For a FreeBSD backend: To draw up a design document describing how the afio::async_file_io_dispatcher_base interface should be implemented using a combination of the POSIX AIO API and the kqueue EVFILT_AIO event watcher via which completions of asynchronous file operations are notified back to AFIO. As the POSIX AIO API only covers reading and writing, it will almost certainly subclass afio::async_file_io_dispatcher_compat.

For a Mac OS X backend: OS X lacks the kqueue EVFILT_AIO interface, and therefore requires POSIX AIO clients to be notified of completions via signals. This probably makes a native backend for OS X technically infeasible, but feel free to submit a proposal proving me wrong!

For a WinRT backend: To draw up a design document describing how the afio::async_file_io_dispatcher_base interface should be implemented using the WinRT API. WinRT provides a rich suite of fully asynchronous file i/o APIs (see Windows.Storage), and when combined with the experimental C++ 17 resumable functions support in Visual Studio 2015 it should make the implementation of this backend quite straightforward.
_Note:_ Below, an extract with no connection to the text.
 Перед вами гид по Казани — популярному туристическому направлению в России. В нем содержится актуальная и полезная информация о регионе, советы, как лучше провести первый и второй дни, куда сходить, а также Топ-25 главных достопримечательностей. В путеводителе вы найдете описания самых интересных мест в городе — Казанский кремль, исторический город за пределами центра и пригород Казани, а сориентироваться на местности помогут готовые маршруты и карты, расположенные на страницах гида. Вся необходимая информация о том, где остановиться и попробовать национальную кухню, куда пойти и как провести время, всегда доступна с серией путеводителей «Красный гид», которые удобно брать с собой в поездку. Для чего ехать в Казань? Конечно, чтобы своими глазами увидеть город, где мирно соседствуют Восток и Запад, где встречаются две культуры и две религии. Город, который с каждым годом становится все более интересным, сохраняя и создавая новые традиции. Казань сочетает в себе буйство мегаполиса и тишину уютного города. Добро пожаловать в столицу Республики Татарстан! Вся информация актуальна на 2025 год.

  1. To implement one of the above designs.
  1. To write unit, functional and performance regression testing for all of the above, including exception safety testing and multi threaded testing, to a 100% code coverage level (excluding fatal abort handling code).
  1. To write documentation to Boost quality levels for the new backend, including benchmarking the new backend against the compatibility backend under cold, warm and semi-warm file cache conditions on magnetic and solid state storage devices.
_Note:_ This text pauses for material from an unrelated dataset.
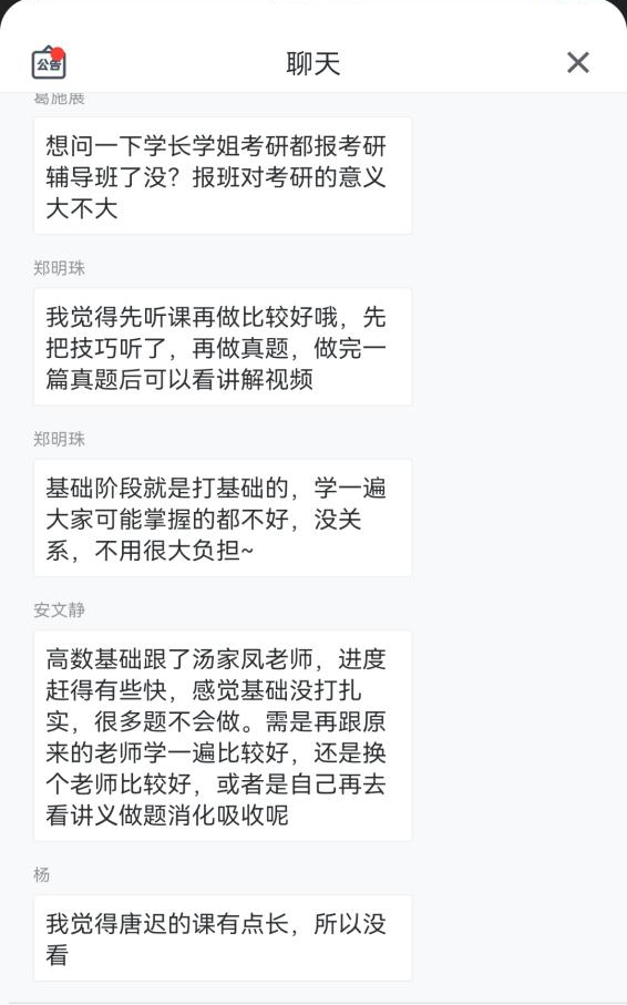 为了进一步提高我院学生的考研热情,帮助考研学子充分认识考研路上所需面对的问题,了解如何正确进行考研院校的选择以及如何高效备考,学院于5月4日晚上七点开展线上考研经验分享会。此次会议邀请了五位18级考研上岸的优秀学子为主讲人,与同学们分享考研经验。

Potential project extension funded by Boost

  1. Fast, scalable portable directory contents change monitoring.
  1. Extended attributes support.
  1. ACL support.
  1. A Filesystem TS and iostreams wrapper for AFIO.

Programming competency test

Using Boost.ASIO (not AFIO!), write a program which registers a Linux KAIO, FreeBSD POSIX AIO + kqueues or WinRT asynchronous file i/o operation with ASIO (either a file read or a file write). ASIO should invoke a handler which prints to stdout "Hello file i/o completion" when the asynchronous file i/o operation completes.

Submission of the programming test should be via copying and pasting what you wrote into the end of the proposal you submit to Google Melange.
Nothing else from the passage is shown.